### What you are asked to do
No pictures belong in the copy. Retype exactly, and only, the stretch of lines below from the one with "CANADA District of" through the one with "Support levels - 1.7100".

### Provided data
Start of Block
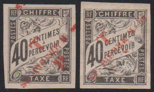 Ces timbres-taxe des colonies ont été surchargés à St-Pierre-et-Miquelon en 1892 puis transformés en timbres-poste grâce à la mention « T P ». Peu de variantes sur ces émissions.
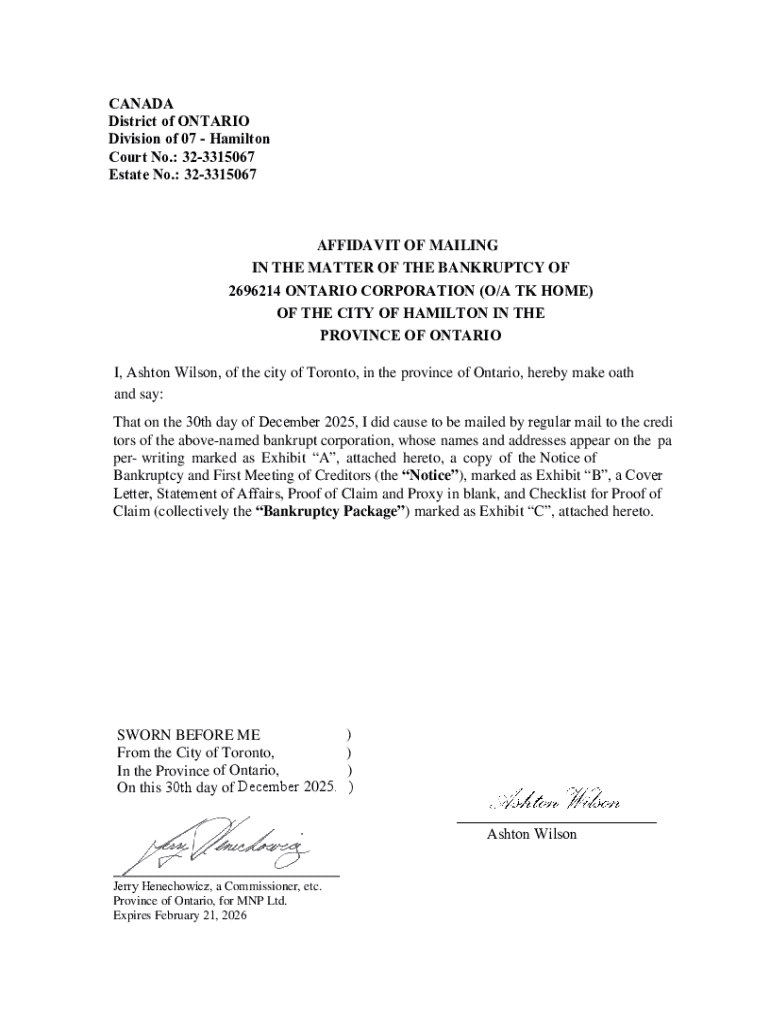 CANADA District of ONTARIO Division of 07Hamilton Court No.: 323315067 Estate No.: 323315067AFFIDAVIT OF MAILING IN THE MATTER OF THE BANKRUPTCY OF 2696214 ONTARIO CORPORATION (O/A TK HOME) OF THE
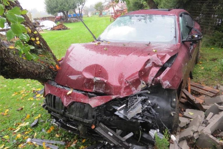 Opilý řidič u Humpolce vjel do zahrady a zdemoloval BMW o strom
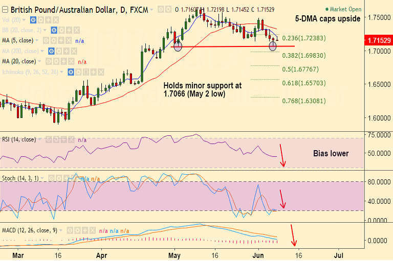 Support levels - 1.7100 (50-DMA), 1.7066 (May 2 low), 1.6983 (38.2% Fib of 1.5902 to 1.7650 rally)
End of Block
Start of Block
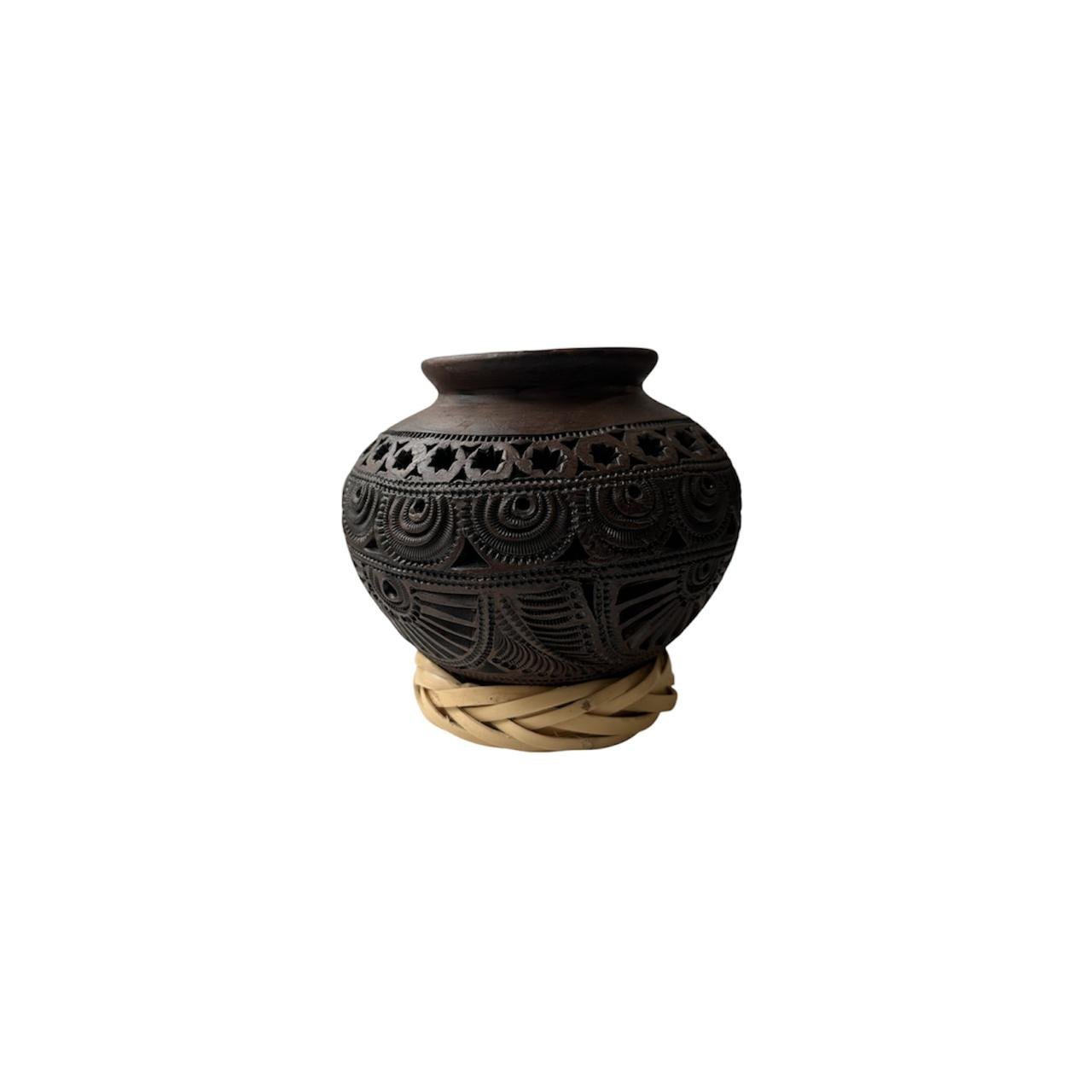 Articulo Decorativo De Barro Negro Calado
End of Block
### Solution for this task
 CANADA District of ONTARIO Division of 07Hamilton Court No.: 323315067 Estate No.: 323315067AFFIDAVIT OF MAILING IN THE MATTER OF THE BANKRUPTCY OF 2696214 ONTARIO CORPORATION (O/A TK HOME) OF THE
 Opilý řidič u Humpolce vjel do zahrady a zdemoloval BMW o strom
 Support levels - 1.7100 (50-DMA), 1.7066 (May 2 low), 1.6983 (38.2% Fib of 1.5902 to 1.7650 rally)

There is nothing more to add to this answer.